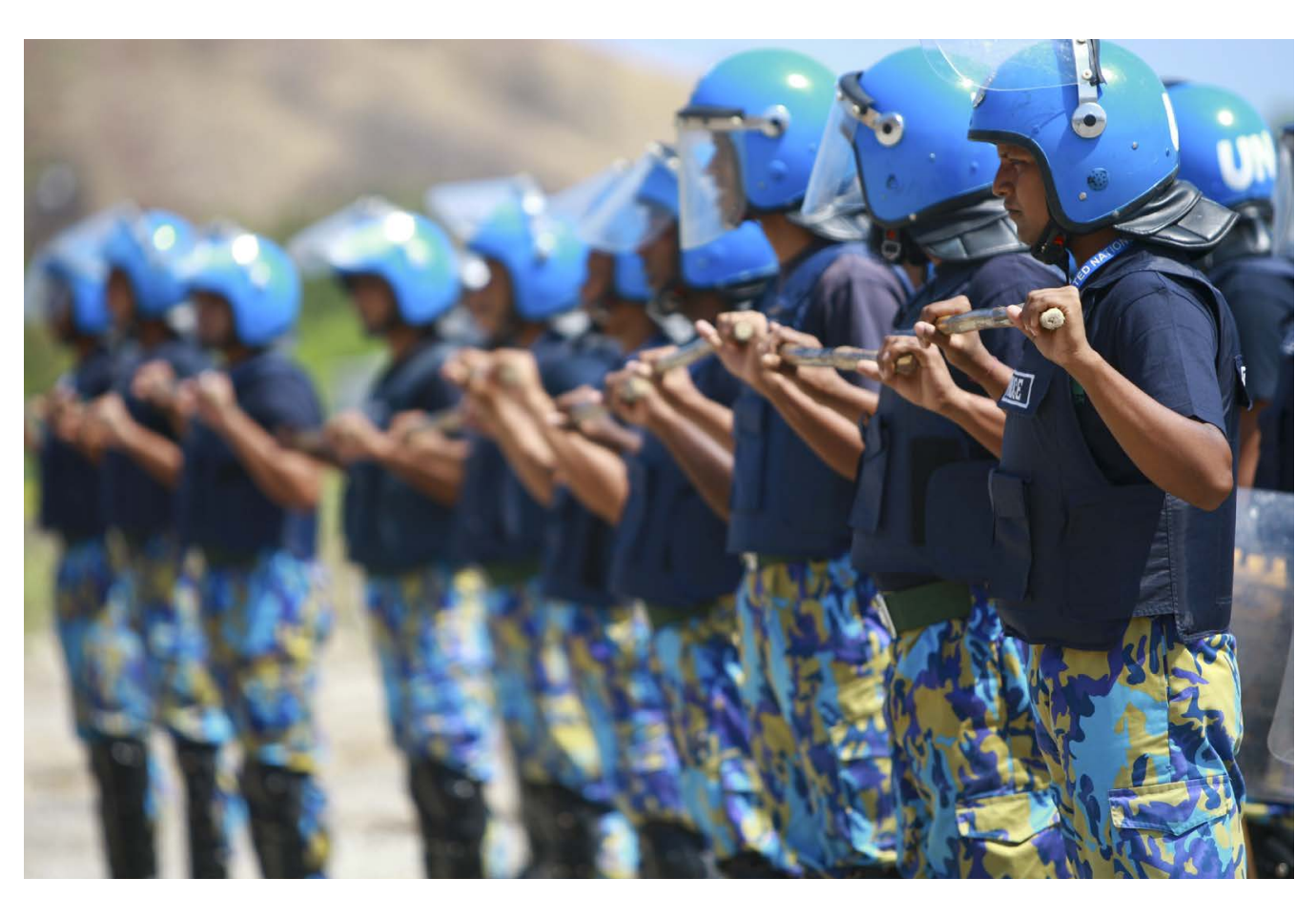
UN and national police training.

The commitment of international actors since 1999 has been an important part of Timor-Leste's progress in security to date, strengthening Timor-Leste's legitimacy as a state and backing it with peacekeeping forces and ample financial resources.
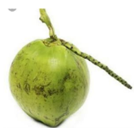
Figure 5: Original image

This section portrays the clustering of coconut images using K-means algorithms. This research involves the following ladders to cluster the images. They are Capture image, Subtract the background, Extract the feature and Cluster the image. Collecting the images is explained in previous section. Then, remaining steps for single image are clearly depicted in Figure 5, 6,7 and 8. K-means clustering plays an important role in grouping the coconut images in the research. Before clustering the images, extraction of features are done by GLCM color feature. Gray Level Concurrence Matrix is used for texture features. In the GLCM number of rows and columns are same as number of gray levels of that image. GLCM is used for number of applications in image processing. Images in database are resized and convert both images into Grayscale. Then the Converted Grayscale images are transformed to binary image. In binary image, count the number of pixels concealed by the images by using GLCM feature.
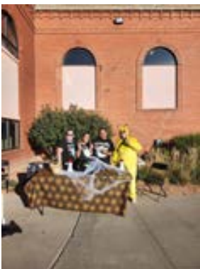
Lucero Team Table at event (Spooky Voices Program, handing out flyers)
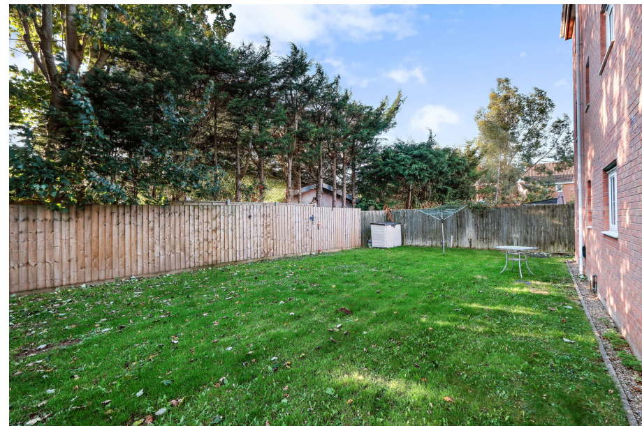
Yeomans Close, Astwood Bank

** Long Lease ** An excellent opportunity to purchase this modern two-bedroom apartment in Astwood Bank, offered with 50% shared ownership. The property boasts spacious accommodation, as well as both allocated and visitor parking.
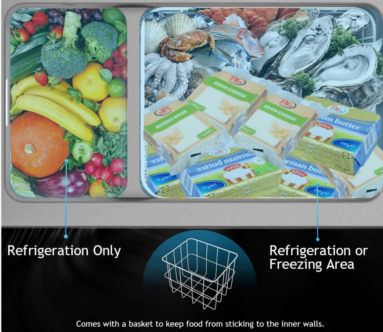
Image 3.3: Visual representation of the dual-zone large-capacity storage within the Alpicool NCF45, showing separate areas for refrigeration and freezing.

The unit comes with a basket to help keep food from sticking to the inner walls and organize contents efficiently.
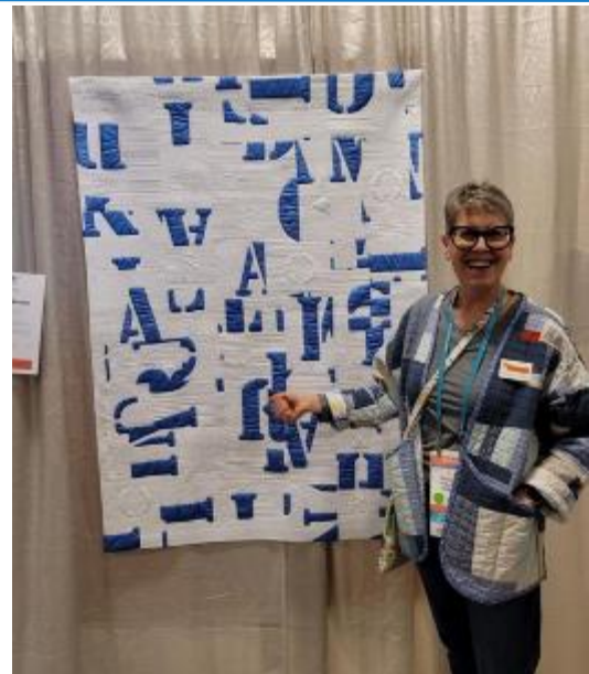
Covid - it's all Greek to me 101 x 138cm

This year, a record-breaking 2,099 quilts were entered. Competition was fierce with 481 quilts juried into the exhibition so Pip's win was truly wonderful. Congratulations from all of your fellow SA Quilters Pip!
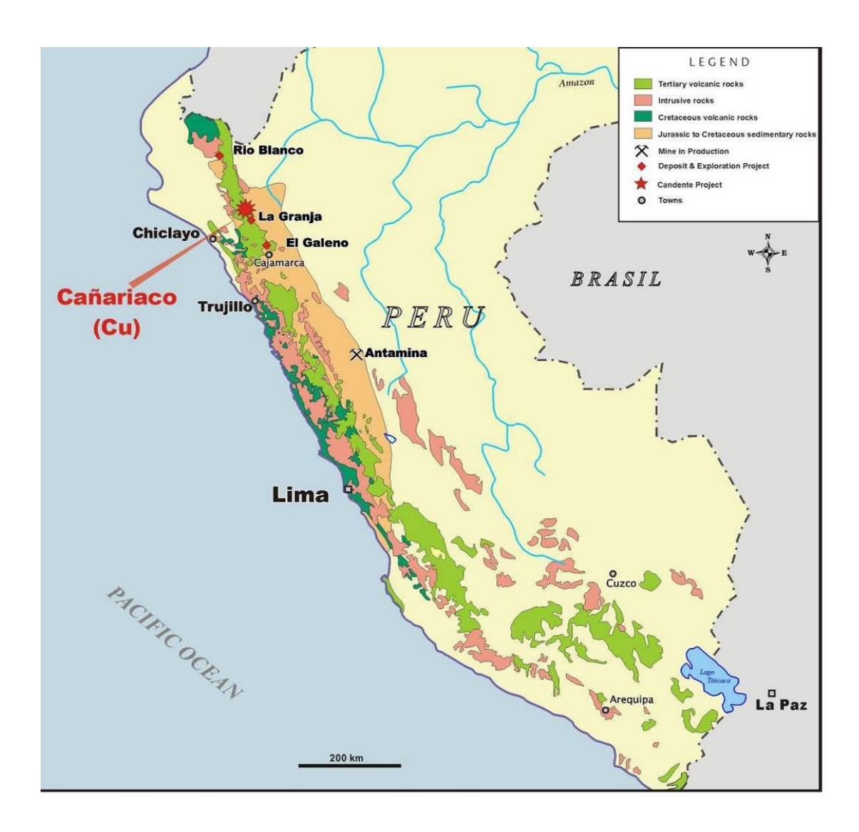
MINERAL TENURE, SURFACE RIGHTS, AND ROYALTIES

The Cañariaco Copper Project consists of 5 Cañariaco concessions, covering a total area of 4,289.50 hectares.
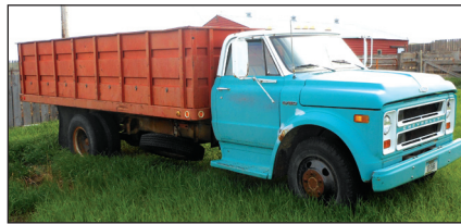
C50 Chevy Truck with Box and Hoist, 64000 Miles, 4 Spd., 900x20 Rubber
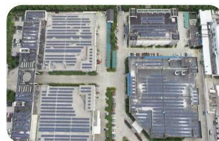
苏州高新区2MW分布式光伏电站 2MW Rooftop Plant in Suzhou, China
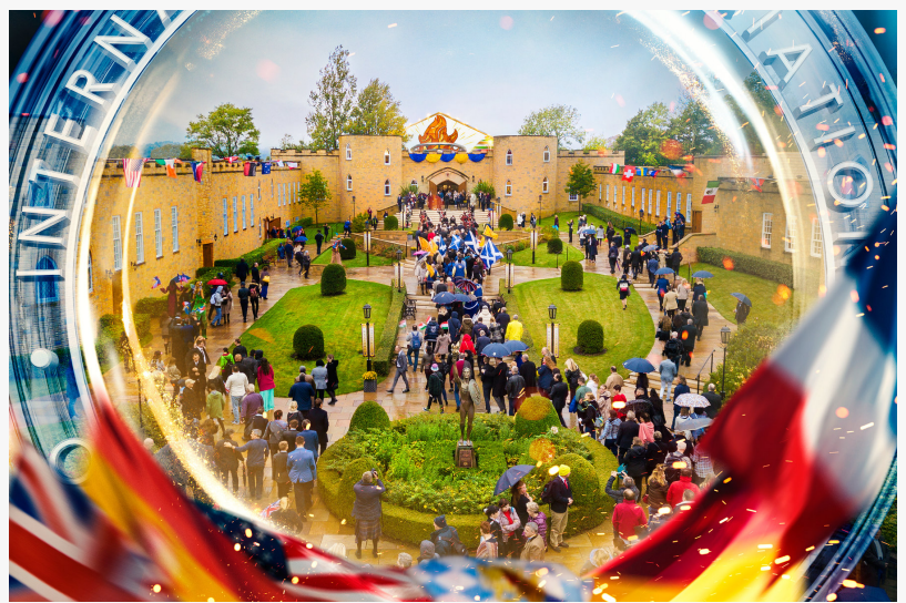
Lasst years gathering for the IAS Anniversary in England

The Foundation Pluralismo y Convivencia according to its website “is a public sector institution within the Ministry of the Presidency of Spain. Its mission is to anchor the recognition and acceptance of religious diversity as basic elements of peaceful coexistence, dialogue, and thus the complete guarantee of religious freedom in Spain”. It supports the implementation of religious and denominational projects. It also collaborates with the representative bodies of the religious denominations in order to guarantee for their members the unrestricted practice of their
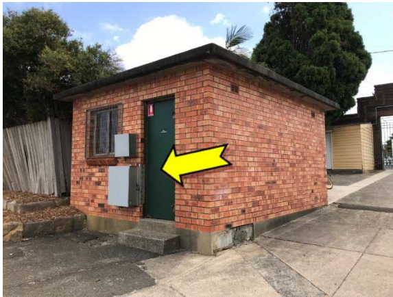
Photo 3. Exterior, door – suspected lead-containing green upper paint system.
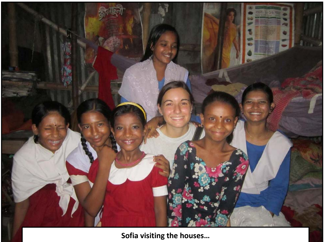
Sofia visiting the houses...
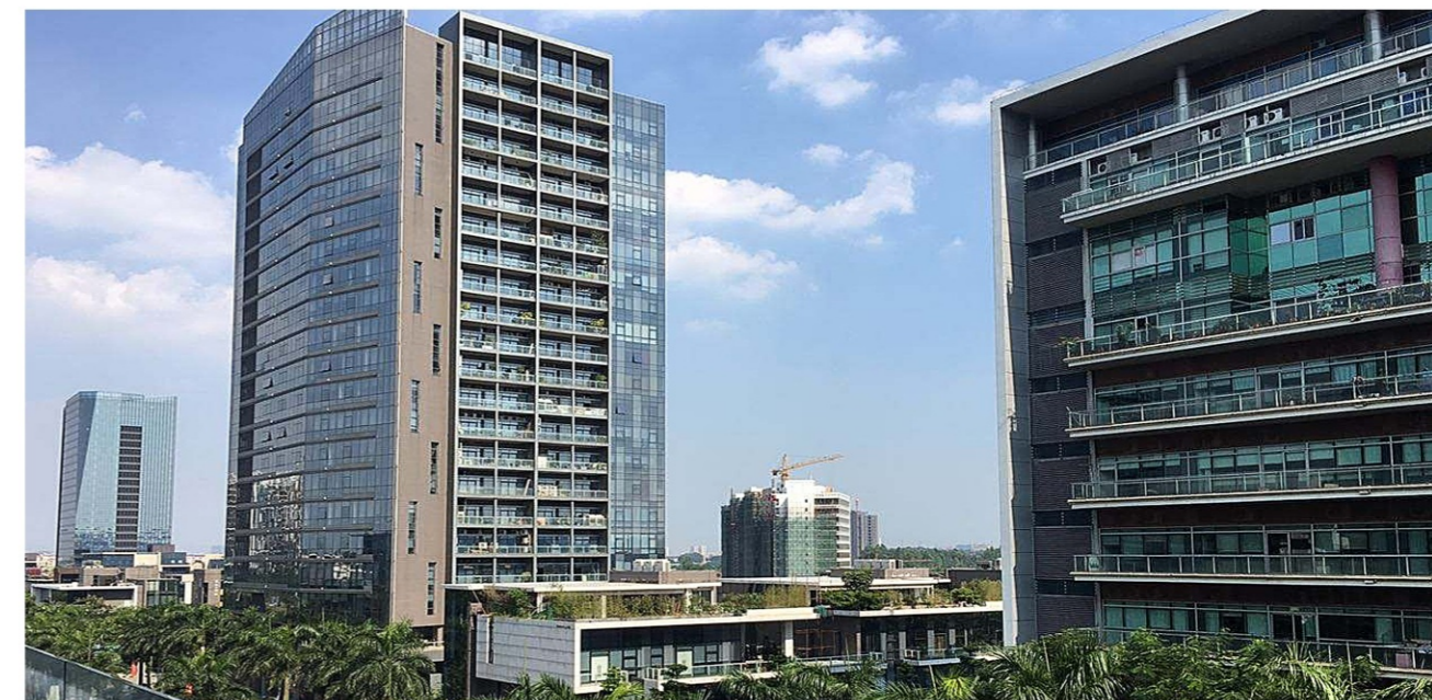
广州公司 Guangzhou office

=======

§ Work instructions:
Every entry should be written out word for word, except for its pictures.

§ Answer area:
UN and national police training.

The commitment of international actors since 1999 has been an important part of Timor-Leste's progress in security to date, strengthening Timor-Leste's legitimacy as a state and backing it with peacekeeping forces and ample financial resources.
Figure 5: Original image

This section portrays the clustering of coconut images using K-means algorithms. This research involves the following ladders to cluster the images. They are Capture image, Subtract the background, Extract the feature and Cluster the image. Collecting the images is explained in previous section. Then, remaining steps for single image are clearly depicted in Figure 5, 6,7 and 8. K-means clustering plays an important role in grouping the coconut images in the research. Before clustering the images, extraction of features are done by GLCM color feature. Gray Level Concurrence Matrix is used for texture features. In the GLCM number of rows and columns are same as number of gray levels of that image. GLCM is used for number of applications in image processing. Images in database are resized and convert both images into Grayscale. Then the Converted Grayscale images are transformed to binary image. In binary image, count the number of pixels concealed by the images by using GLCM feature.
Lucero Team Table at event (Spooky Voices Program, handing out flyers)
Yeomans Close, Astwood Bank

** Long Lease ** An excellent opportunity to purchase this modern two-bedroom apartment in Astwood Bank, offered with 50% shared ownership. The property boasts spacious accommodation, as well as both allocated and visitor parking.
Image 3.3: Visual representation of the dual-zone large-capacity storage within the Alpicool NCF45, showing separate areas for refrigeration and freezing.

The unit comes with a basket to help keep food from sticking to the inner walls and organize contents efficiently.
Covid - it's all Greek to me 101 x 138cm

This year, a record-breaking 2,099 quilts were entered. Competition was fierce with 481 quilts juried into the exhibition so Pip's win was truly wonderful. Congratulations from all of your fellow SA Quilters Pip!
MINERAL TENURE, SURFACE RIGHTS, AND ROYALTIES

The Cañariaco Copper Project consists of 5 Cañariaco concessions, covering a total area of 4,289.50 hectares.
C50 Chevy Truck with Box and Hoist, 64000 Miles, 4 Spd., 900x20 Rubber
苏州高新区2MW分布式光伏电站 2MW Rooftop Plant in Suzhou, China
Lasst years gathering for the IAS Anniversary in England

The Foundation Pluralismo y Convivencia according to its website “is a public sector institution within the Ministry of the Presidency of Spain. Its mission is to anchor the recognition and acceptance of religious diversity as basic elements of peaceful coexistence, dialogue, and thus the complete guarantee of religious freedom in Spain”. It supports the implementation of religious and denominational projects. It also collaborates with the representative bodies of the religious denominations in order to guarantee for their members the unrestricted practice of their
Photo 3. Exterior, door – suspected lead-containing green upper paint system.
Sofia visiting the houses...
广州公司 Guangzhou office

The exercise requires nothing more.